Bass Lewis, Elder Luke H, Folescu Dan E, Forouzesh Negin, Tolokh Igor S, Karpatne Anuj, Onufriev Alexey V
Department of Computer Engineering, Virginia Tech, Blacksburg, Virginia 24061, United States.
Department of Computer Science, Virginia Tech, Blacksburg, Virginia 24061, United States.
J Chem Theory Comput. 2024 Jan 9;20(1):396-410. doi: 10.1021/acs.jctc.3c00981. Epub 2023 Dec 27.

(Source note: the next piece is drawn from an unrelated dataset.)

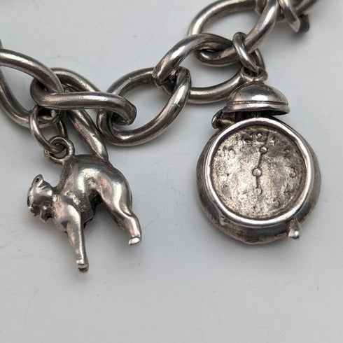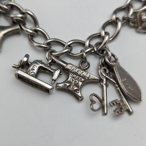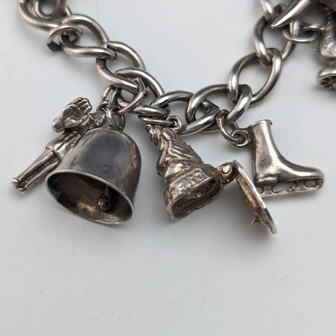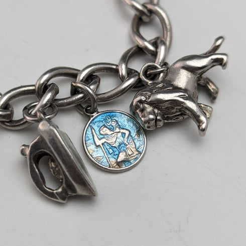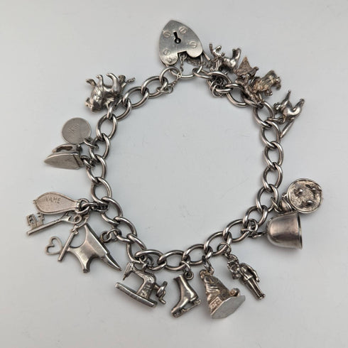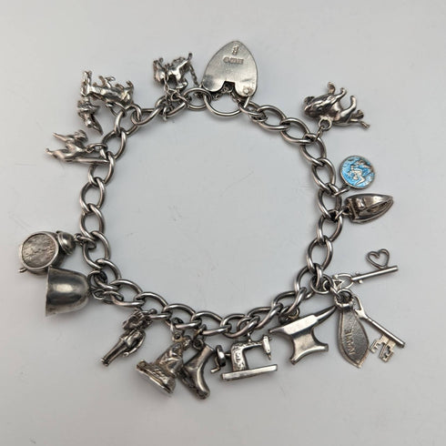 British vintage sterling silver charm bracelet 45g

The accuracy of computational models of water is key to atomistic simulations of biomolecules. We propose a computationally efficient way to improve the accuracy of the prediction of hydration-free energies (HFEs) of small molecules: the remaining errors of the physics-based models relative to the experiment are predicted and mitigated by machine learning (ML) as a postprocessing step. Specifically, the trained graph convolutional neural network attempts to identify the "blind spots" in the physics-based model predictions, where the complex physics of aqueous solvation is poorly accounted for, and partially corrects for them. The strategy is explored for five classical solvent models representing various accuracy/speed trade-offs, from the fast analytical generalized Born (GB) to the popular TIP3P explicit solvent model; experimental HFEs of small neutral molecules from the FreeSolv set are used for the training and testing. For all of the models, the ML correction reduces the resulting root-mean-square error relative to the experiment for HFEs of small molecules, without significant overfitting and with negligible computational overhead. For example, on the test set, the relative accuracy improvement is 47% for the fast analytical GB, making it, after the ML correction, almost as accurate as uncorrected TIP3P. For the TIP3P model, the accuracy improvement is about 39%, bringing the ML-corrected model's accuracy below the 1 kcal/mol threshold. In general, the relative benefit of the ML corrections is smaller for more accurate physics-based models, reaching the lower limit of about 20% relative accuracy gain compared with that of the physics-based treatment alone. The proposed strategy of using ML to learn the remaining error of physics-based models offers a distinct advantage over training ML alone directly on reference HFEs: it preserves the correct overall trend, even well outside of the training set.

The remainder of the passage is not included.